> Data provided
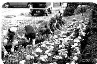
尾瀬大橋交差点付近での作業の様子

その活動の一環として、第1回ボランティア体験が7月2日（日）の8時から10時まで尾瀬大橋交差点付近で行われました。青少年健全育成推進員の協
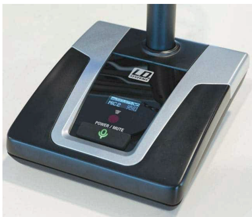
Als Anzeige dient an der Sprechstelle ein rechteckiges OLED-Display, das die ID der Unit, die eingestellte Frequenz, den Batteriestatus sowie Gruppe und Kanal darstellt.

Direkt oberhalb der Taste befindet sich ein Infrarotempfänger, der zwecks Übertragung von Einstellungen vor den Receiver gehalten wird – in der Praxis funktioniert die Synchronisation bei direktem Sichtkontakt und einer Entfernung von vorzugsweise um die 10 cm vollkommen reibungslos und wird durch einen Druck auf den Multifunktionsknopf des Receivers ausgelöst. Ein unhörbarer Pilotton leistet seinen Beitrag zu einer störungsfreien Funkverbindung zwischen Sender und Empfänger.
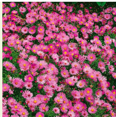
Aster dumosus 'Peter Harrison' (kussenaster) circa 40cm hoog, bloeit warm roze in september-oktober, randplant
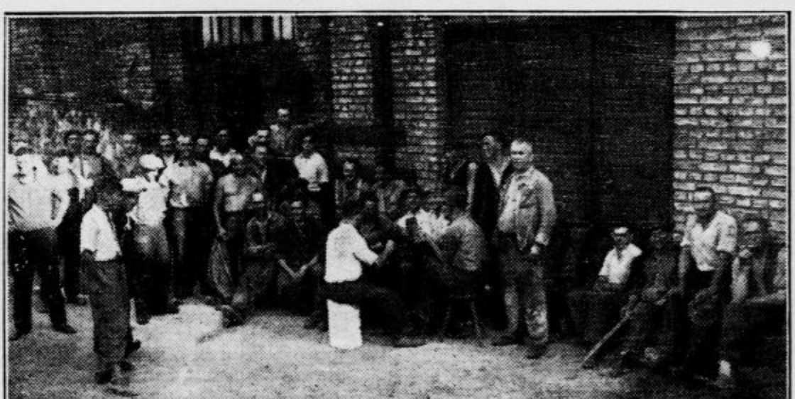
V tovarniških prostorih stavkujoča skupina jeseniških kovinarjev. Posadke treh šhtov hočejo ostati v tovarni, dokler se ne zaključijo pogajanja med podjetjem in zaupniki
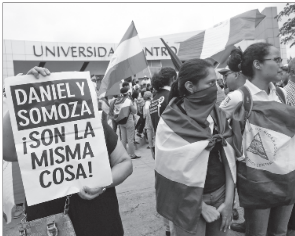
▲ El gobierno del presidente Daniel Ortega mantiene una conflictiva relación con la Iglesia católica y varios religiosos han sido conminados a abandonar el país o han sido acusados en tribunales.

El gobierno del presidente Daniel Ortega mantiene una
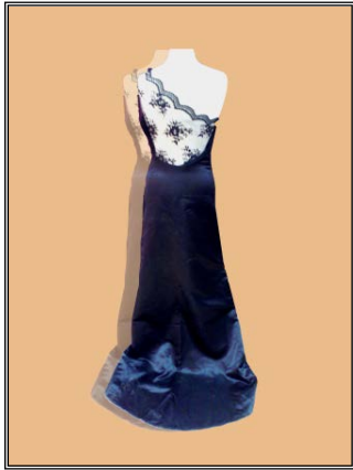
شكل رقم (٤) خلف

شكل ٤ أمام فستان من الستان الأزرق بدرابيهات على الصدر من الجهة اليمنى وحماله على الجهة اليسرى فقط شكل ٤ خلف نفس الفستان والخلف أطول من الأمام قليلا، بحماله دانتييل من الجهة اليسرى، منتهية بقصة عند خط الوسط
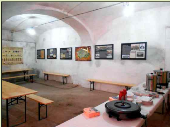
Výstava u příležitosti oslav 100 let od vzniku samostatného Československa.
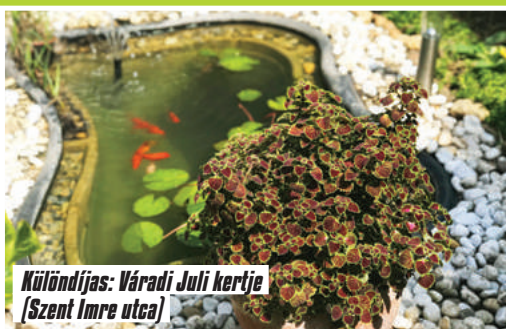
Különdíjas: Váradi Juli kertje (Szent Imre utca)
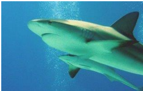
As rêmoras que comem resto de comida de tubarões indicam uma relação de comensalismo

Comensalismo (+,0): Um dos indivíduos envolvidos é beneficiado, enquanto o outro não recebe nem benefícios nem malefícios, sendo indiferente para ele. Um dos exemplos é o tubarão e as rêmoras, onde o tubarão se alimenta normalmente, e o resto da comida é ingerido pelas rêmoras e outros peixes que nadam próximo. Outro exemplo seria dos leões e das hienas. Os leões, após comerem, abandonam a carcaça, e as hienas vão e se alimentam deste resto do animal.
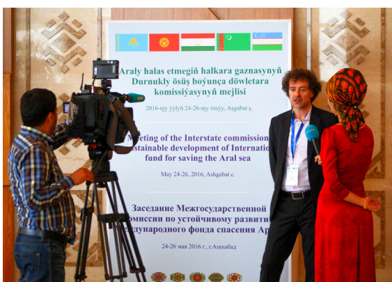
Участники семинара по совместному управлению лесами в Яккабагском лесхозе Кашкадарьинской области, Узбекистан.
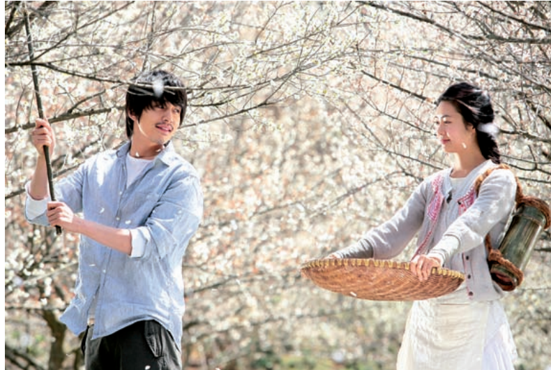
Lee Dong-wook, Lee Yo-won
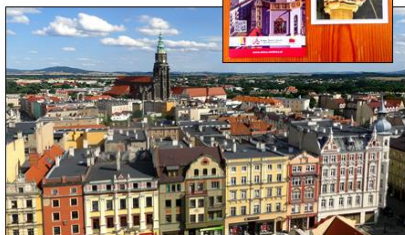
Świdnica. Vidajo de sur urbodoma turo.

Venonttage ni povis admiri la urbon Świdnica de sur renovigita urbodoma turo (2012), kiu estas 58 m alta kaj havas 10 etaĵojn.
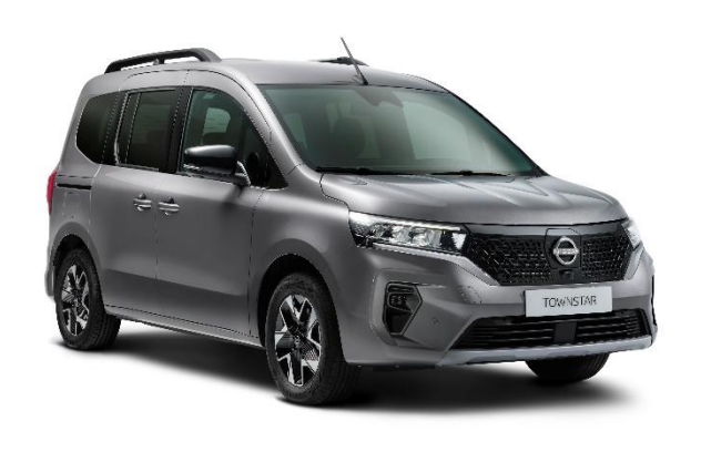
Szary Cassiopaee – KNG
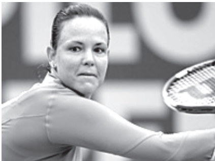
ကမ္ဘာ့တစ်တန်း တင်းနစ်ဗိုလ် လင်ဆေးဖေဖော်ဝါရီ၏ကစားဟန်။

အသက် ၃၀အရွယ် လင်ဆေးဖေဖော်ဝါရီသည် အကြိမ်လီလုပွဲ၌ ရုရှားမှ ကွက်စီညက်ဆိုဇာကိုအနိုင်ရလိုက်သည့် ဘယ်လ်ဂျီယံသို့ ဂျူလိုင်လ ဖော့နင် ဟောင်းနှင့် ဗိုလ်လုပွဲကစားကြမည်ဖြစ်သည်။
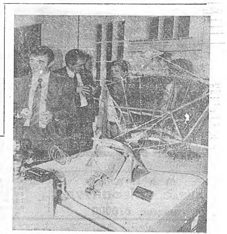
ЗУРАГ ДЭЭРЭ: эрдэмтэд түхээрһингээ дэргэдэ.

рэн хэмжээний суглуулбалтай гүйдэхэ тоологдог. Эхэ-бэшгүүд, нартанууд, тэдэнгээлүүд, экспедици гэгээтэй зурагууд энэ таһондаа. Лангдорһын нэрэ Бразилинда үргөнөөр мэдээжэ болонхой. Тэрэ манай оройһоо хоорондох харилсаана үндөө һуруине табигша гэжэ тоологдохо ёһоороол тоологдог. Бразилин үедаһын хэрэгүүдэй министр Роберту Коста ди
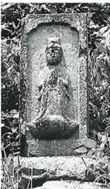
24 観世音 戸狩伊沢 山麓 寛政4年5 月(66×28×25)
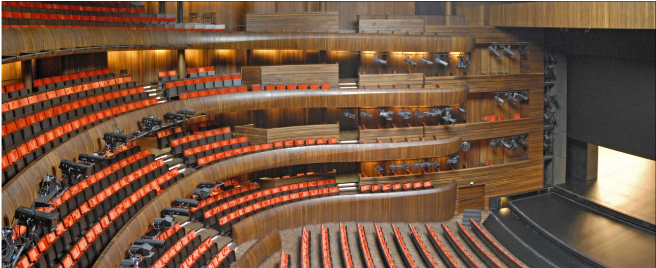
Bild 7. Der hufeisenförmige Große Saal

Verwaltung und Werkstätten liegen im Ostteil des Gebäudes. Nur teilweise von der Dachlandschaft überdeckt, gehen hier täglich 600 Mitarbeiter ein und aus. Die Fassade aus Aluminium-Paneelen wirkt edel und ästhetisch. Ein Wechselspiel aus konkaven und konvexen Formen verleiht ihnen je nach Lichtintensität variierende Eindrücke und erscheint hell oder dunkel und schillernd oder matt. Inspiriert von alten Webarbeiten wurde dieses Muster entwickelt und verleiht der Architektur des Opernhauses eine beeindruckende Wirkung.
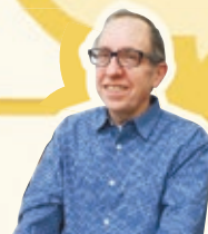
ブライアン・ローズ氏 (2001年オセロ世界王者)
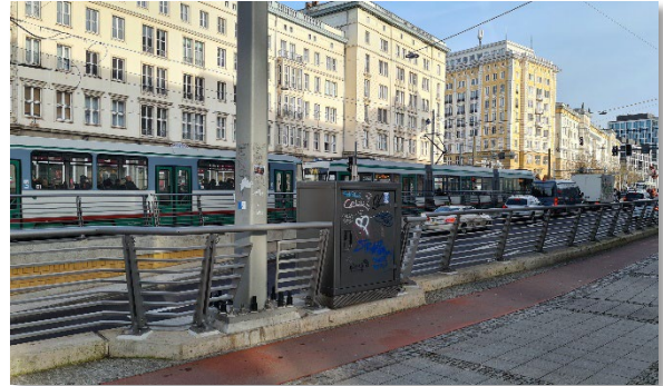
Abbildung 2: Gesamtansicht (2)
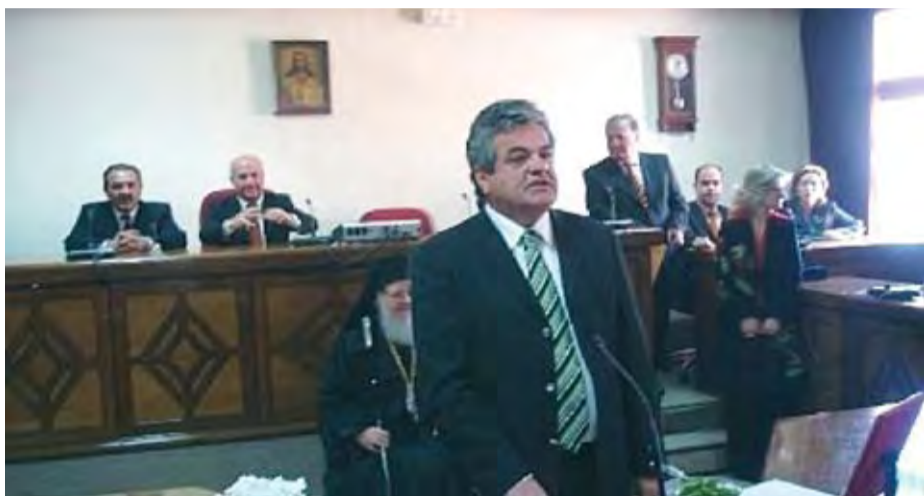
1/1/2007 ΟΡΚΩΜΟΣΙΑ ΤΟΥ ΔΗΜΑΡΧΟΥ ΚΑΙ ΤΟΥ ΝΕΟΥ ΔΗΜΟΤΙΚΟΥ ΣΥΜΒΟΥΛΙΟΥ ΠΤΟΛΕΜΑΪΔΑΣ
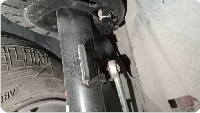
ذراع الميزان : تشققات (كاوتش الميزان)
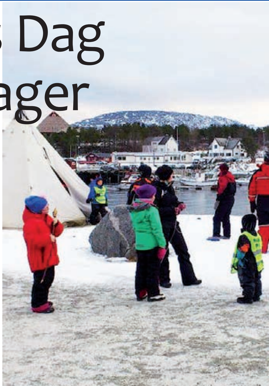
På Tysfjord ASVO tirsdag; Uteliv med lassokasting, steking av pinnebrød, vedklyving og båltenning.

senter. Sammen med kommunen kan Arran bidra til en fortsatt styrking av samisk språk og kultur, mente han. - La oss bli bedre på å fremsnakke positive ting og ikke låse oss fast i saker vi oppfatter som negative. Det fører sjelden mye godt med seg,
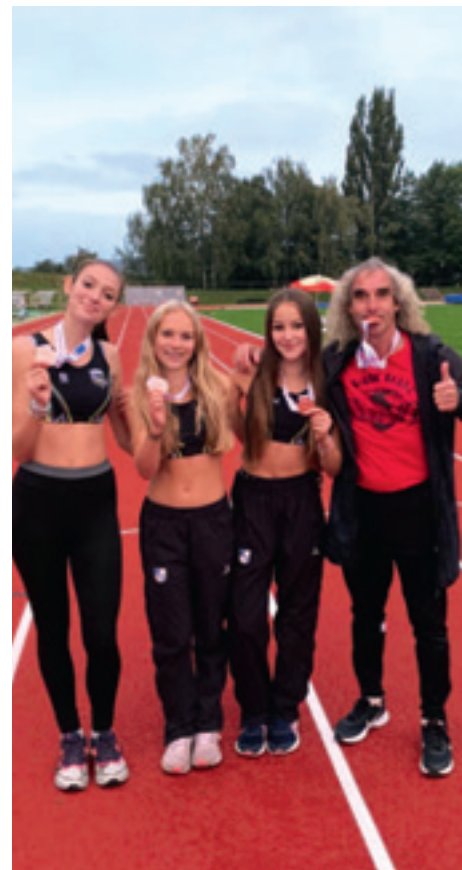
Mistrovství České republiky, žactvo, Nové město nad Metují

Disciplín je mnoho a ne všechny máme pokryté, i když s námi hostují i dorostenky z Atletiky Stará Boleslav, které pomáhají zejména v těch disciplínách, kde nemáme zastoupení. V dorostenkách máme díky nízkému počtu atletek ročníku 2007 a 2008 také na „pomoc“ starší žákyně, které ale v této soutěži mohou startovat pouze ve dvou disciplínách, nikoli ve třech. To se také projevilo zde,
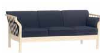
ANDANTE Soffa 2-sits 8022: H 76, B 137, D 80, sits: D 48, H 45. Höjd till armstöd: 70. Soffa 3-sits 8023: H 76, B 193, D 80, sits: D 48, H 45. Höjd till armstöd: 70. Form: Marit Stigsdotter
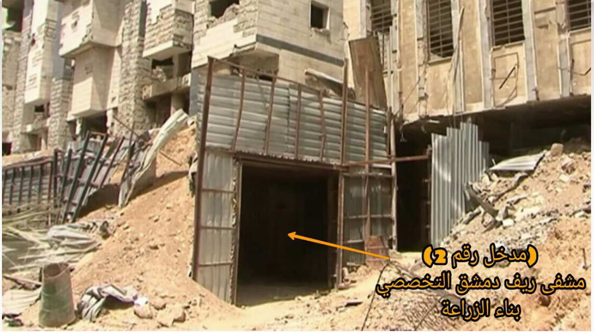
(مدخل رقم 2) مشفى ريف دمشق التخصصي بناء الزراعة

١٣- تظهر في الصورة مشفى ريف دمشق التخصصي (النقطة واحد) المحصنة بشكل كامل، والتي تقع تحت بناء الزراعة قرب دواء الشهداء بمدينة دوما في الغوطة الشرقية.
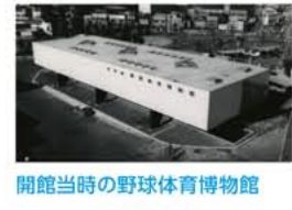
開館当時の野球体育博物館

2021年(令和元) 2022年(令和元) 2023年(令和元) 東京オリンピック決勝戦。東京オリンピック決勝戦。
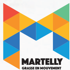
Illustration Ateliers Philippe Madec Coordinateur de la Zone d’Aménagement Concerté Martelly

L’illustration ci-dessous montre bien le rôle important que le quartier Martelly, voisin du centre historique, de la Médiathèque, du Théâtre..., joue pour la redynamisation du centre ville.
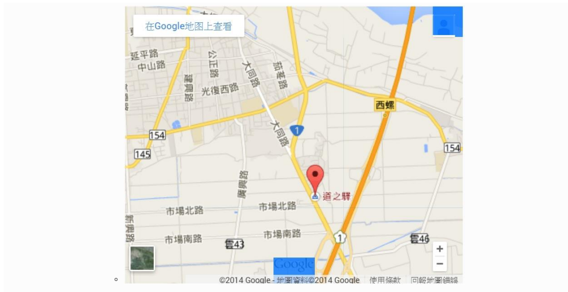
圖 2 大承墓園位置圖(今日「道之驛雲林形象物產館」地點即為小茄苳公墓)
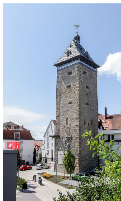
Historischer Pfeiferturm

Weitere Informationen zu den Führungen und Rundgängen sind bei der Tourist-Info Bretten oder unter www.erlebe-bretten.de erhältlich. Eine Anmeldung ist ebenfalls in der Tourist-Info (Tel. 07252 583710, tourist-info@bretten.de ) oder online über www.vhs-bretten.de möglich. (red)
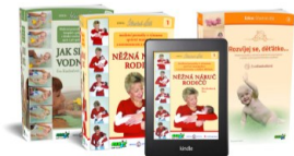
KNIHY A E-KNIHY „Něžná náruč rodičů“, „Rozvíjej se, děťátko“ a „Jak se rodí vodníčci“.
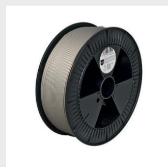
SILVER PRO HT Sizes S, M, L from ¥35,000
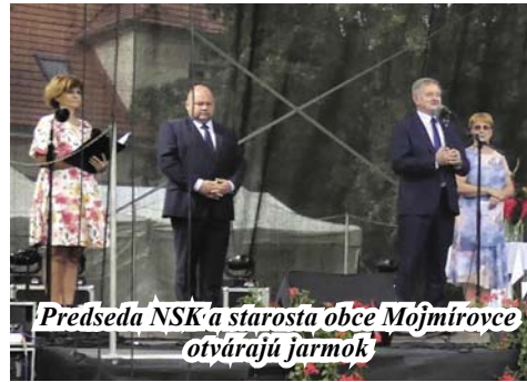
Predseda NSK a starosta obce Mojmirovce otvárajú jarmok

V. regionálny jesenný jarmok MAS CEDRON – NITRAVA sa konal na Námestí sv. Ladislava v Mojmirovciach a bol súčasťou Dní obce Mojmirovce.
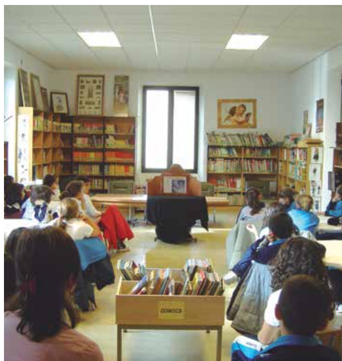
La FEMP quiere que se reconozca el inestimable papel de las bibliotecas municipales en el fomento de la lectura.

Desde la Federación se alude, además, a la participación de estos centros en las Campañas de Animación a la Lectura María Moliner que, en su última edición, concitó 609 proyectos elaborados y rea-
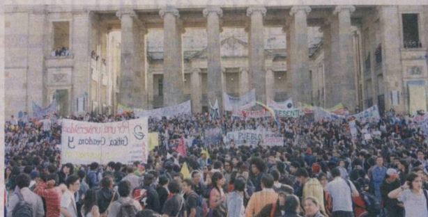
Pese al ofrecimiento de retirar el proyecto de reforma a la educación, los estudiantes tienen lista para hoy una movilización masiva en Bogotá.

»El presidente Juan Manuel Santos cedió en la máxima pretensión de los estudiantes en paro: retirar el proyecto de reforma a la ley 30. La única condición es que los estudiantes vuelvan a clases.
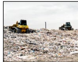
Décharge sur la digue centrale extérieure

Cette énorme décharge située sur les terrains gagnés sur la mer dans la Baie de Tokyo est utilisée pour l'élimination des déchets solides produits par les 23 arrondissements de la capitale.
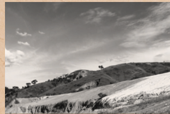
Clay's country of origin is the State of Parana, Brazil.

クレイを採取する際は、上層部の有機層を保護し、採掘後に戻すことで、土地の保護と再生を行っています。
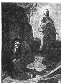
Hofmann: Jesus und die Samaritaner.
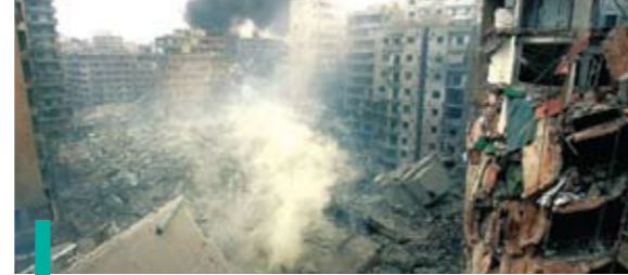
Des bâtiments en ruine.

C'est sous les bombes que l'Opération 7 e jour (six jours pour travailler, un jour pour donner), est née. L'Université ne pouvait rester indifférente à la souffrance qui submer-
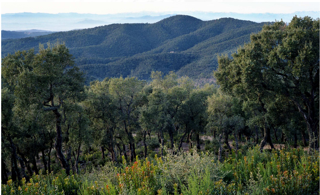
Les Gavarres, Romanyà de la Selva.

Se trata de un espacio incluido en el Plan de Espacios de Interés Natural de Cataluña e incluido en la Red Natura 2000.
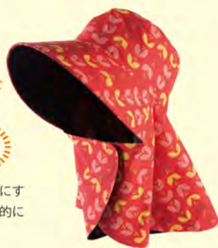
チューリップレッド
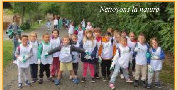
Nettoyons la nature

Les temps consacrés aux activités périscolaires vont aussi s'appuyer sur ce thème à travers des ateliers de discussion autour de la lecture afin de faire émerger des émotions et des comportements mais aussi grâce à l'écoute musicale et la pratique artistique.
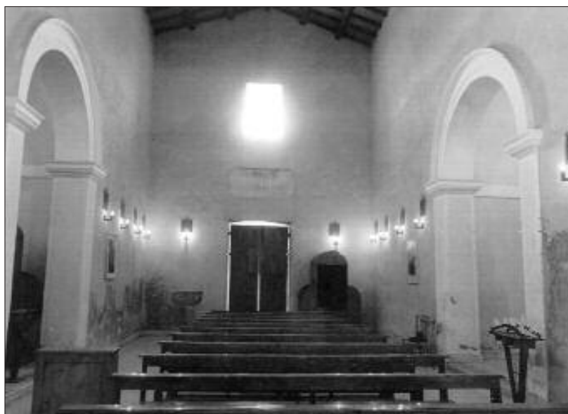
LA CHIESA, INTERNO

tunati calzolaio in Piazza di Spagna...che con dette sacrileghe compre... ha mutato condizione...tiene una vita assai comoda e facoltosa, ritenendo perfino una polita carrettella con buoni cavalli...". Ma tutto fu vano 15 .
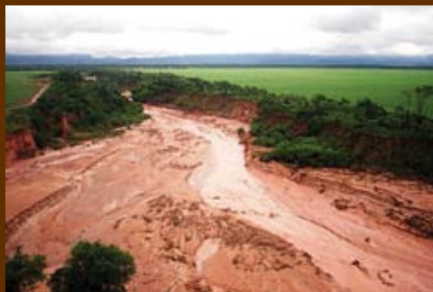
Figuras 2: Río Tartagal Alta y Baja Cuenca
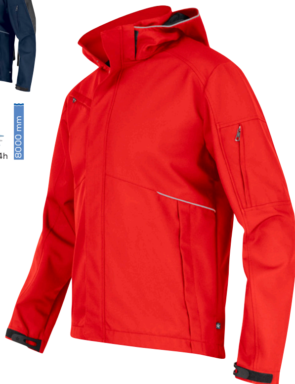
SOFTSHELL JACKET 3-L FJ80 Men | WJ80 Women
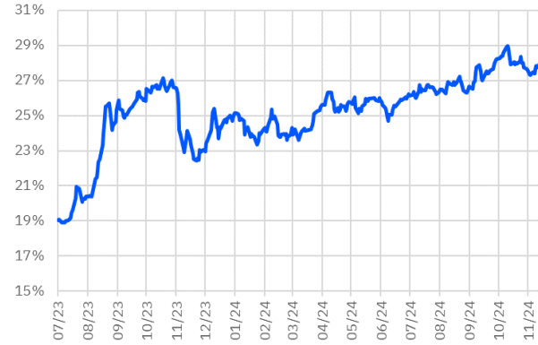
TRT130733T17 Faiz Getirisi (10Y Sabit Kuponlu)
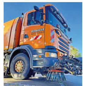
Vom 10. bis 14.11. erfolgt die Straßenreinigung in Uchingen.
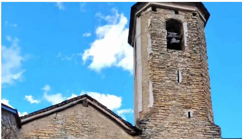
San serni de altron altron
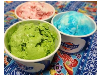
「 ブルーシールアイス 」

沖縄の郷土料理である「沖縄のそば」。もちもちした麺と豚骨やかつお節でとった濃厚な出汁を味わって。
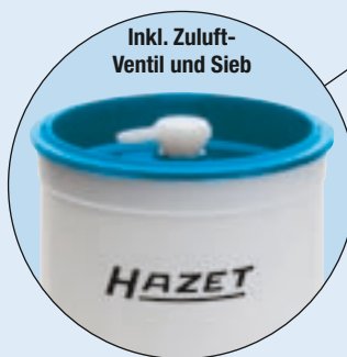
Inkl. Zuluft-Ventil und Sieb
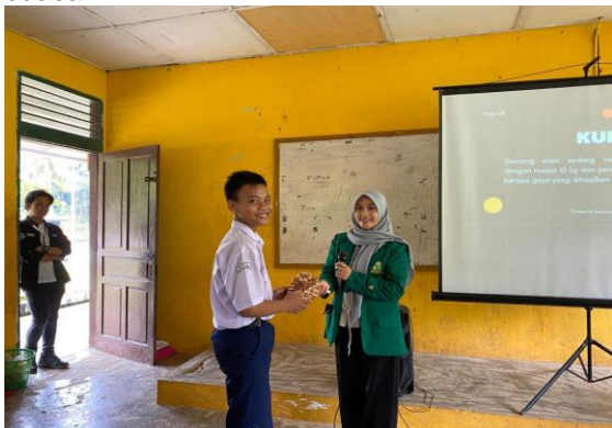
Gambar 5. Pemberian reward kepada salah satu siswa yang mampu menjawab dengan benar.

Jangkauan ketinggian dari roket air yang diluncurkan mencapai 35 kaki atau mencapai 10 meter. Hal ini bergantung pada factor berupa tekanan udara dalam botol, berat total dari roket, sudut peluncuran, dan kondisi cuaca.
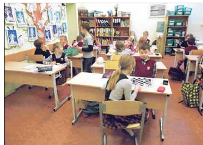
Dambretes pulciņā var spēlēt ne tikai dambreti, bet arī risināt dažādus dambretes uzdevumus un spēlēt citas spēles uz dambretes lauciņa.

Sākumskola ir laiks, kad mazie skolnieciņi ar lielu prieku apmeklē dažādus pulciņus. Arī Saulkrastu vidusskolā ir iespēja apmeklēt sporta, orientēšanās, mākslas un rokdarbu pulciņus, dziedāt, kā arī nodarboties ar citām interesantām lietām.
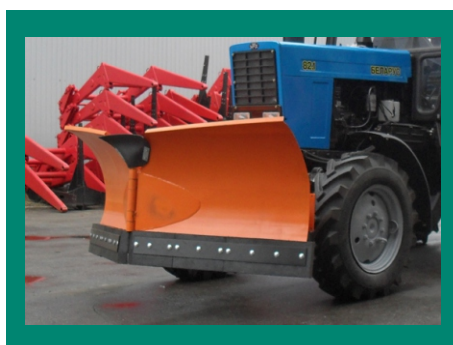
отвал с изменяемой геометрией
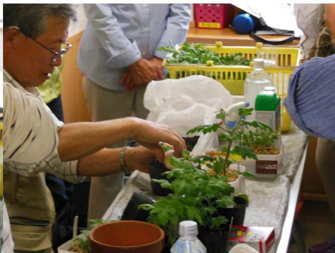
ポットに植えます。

> Task goal
Exact copy required, pictures excluded: the lines from the one holding "LA CHIESA, INTERNO" through the last line of the data, both ends included.

> Result
LA CHIESA, INTERNO

tunati calzolaio in Piazza di Spagna...che con dette sacrileghe compre... ha mutato condizione...tiene una vita assai comoda e facoltosa, ritenendo perfino una polita carrettella con buoni cavalli...". Ma tutto fu vano 15 .
Figuras 2: Río Tartagal Alta y Baja Cuenca
SOFTSHELL JACKET 3-L FJ80 Men | WJ80 Women
TRT130733T17 Faiz Getirisi (10Y Sabit Kuponlu)
Vom 10. bis 14.11. erfolgt die Straßenreinigung in Uchingen.
San serni de altron altron
「 ブルーシールアイス 」

沖縄の郷土料理である「沖縄のそば」。もちもちした麺と豚骨やかつお節でとった濃厚な出汁を味わって。
Inkl. Zuluft-Ventil und Sieb
Gambar 5. Pemberian reward kepada salah satu siswa yang mampu menjawab dengan benar.

Jangkauan ketinggian dari roket air yang diluncurkan mencapai 35 kaki atau mencapai 10 meter. Hal ini bergantung pada factor berupa tekanan udara dalam botol, berat total dari roket, sudut peluncuran, dan kondisi cuaca.
Dambretes pulciņā var spēlēt ne tikai dambreti, bet arī risināt dažādus dambretes uzdevumus un spēlēt citas spēles uz dambretes lauciņa.

Sākumskola ir laiks, kad mazie skolnieciņi ar lielu prieku apmeklē dažādus pulciņus. Arī Saulkrastu vidusskolā ir iespēja apmeklēt sporta, orientēšanās, mākslas un rokdarbu pulciņus, dziedāt, kā arī nodarboties ar citām interesantām lietām.
отвал с изменяемой геометрией
ポットに植えます。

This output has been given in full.